What are Swallowing Disorders?
Swallowing disorder, also known as dysphagia, is a difficulty in swallowing food or liquids. Swallowing is a set of coordinated muscle movements that control the mouth, the back of the throat (pharynx), and the food tube (oesophagus). Swallowing disorder may result from a lack of coordination of the nerves or muscles, or sometimes from infections and tumours. Swallowing problems can occur at any stage of the normal swallowing process as food and liquid move from the mouth, down the back of the throat, through the oesophagus, and into the stomach.
Causes of Swallowing Disorders
Swallowing problems can occur at any age and may be an indication of a serious medical issue. There are several causes for swallowing disorders ranging from muscle and nerve issues, head and neck injuries, ill-fitting dentures, missing teeth, previous mouth or neck surgery, cancer of the mouth, throat, or oesophagus, brain disorders, or even some medications.
Signs and Symptoms of Swallowing Disorders
Swallowing disorders can cause a variety of symptoms. General signs and symptoms of swallowing disorders may include:
- Choking on food
- Food getting stuck in the throat
- Coughing during or immediately post drinking or eating
- Pain during swallowing
- Inability to swallow liquid or food
- Hoarseness or gurgly sounding
- Aspiration (liquid or food leaking into airway)

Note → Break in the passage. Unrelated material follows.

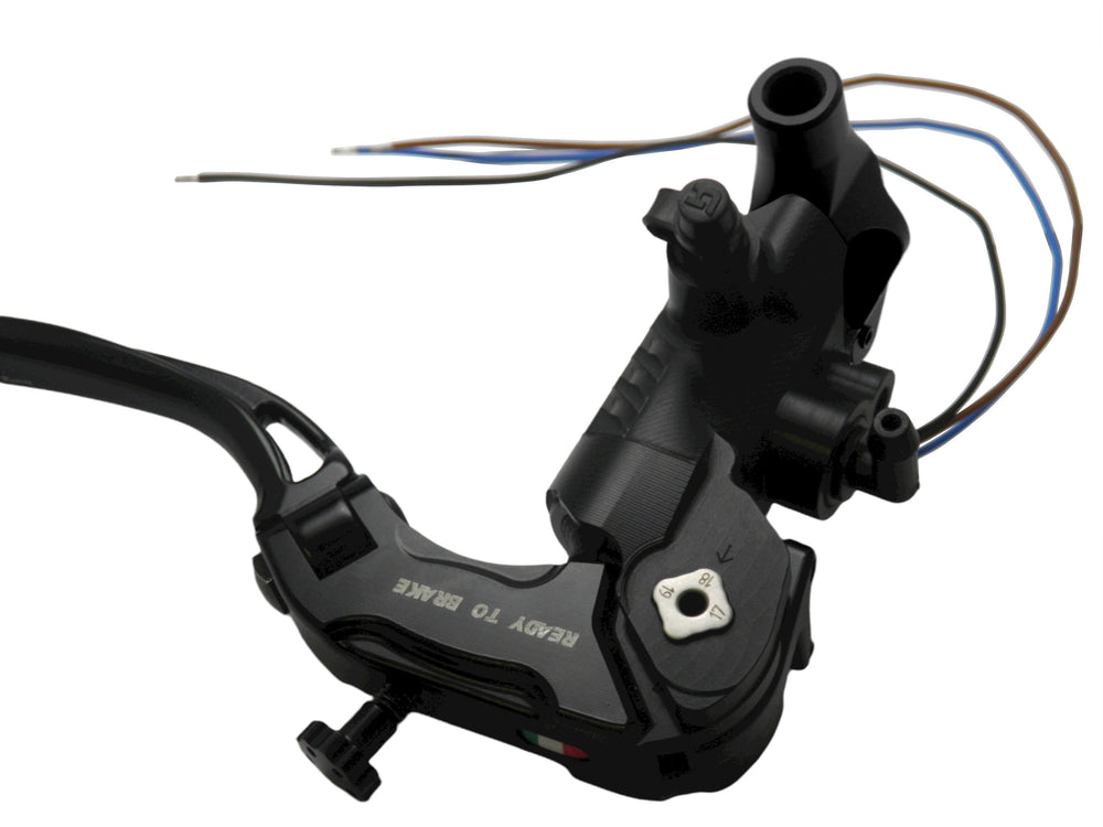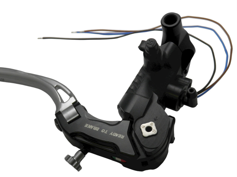 Pompa Freno Ready To Brake Accossato PRS 15x17-18-19 Con Leva Snodata Colorata (Pomello+Leva) - Opzioni leva: RST, Supporto specchio: M10, Vaschetta in Alluminio Integrata: - N/A
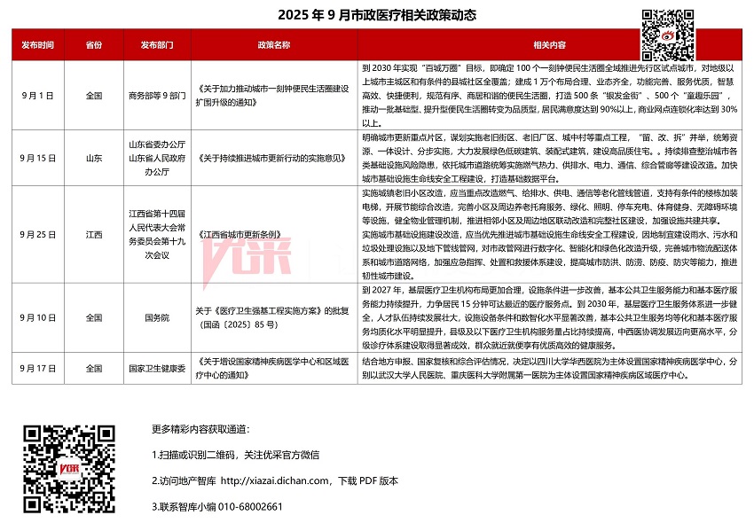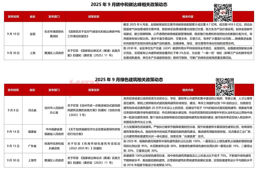[摘要]2025年9月政策动态汇总来了!9月政策搜集17条,碳中和方面,截止今年6月,全国全国碳排放权交易市场碳排放配额累计成交量6.7亿吨,成交额459.3亿元,上海黄浦区提出建设国家碳达峰示范区;绿色建筑方面,河北沧州明确土地出让中须配建不低于10%的超低能耗建筑,广东珠海提出到2025年一星级及以上绿色建筑占比达95%,上海黄埔要求新建建筑100%达到绿色建筑标准;装配式方面,广东确定广州、深圳为综合性模块化建筑试点城市,福建省目标2030年装配式建筑占比达40%,四川推动装配式建筑占比达50%以上;全装修方面,广东东莞加强新建住宅全装修管理,鼓励“菜单式”装修和“样板先行”;市政医疗方面,全国推动“一刻钟便民生活圈”,目标到2030年覆盖100个城市,建成1万个便民圈,山东、江西持续推进城市更新,重点改造老旧小区、基础设施升级和韧性城市建设;全国实施医疗卫生强基工程,提升基层医疗服务能力。

- A sensation of a “lump” in the throat
- Shortness of breath
- Sore throat
- Chest discomfort or pain
Diagnosis of Swallowing Disorders
Swallowing disorders can be effectively treated by a gastroenterologist or your family physician by determining the location and the extent of the problem based on a physical examination, symptoms, diagnostic tests, and x-rays. Some of the methods involved in diagnosing swallowing disorders include:
- A barium swallow study, which is a special video x-ray study, that shows your physician the entire swallowing process and anatomy as food containing barium passes through the mouth, pharynx, and oesophagus.

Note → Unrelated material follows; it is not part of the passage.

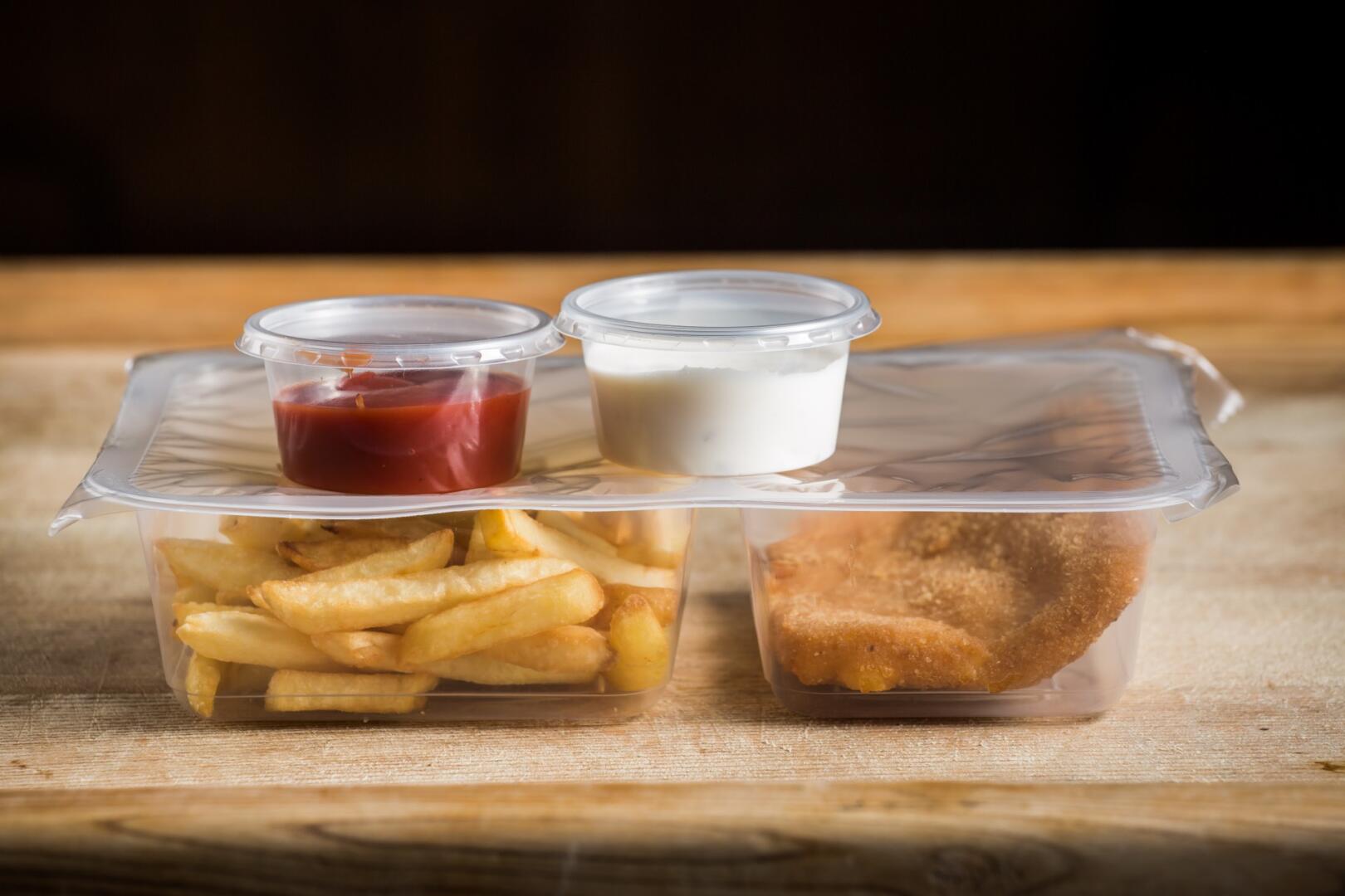 130/180g. kuracie prsia, kečup, horčica, smotana + príloha podľa výberu

- A motility study to record pressure and movement of the oesophagus
- Endoscopy to examine the interior of the oesophagus
- 24-hour pH test to ascertain the amount of acid reflux that may be causing regurgitation
- Endoscopic ultrasound to ascertain the extent and nature of the lesions or other tumours in the swallowing channel
- X-rays of the head, neck, or thyroid to look for any abnormalities causing swallowing problem
Treatment for Swallowing Disorders
Various strategies are used to treat swallowing disorders ranging from physical techniques to improve swallowing ability, medical intervention, and/or surgery in severe cases.
General strategies may include:
- Eat smaller and frequent meals
- Lubricate food by blending with a sauce
- Chew well and swallow food completely prior to taking another bite
- Keep away from eating when stressed or tired
- Adjust your head stance and posture while swallowing
- Refrain from food that may get stuck in the throat, such as bread
- Consume thickened liquids that are easy to swallow
Sometimes non-invasive medical interventions may be necessary such as oesophageal dilation, where a narrowed area of your oesophagus is stretched to aid in comfortable swallowing. Also, medications can be effective in treating some patients with a swallowing disorder by reducing stomach acid, decreasing contractions of the oesophagus, and improving nerve functions that support swallowing.
Surgical treatment may depend upon the site of the swallowing disorder and involve loosening or strengthening of the upper or lower valves of the oesophagus or eliminating tumours or obstructions from the oesophagus.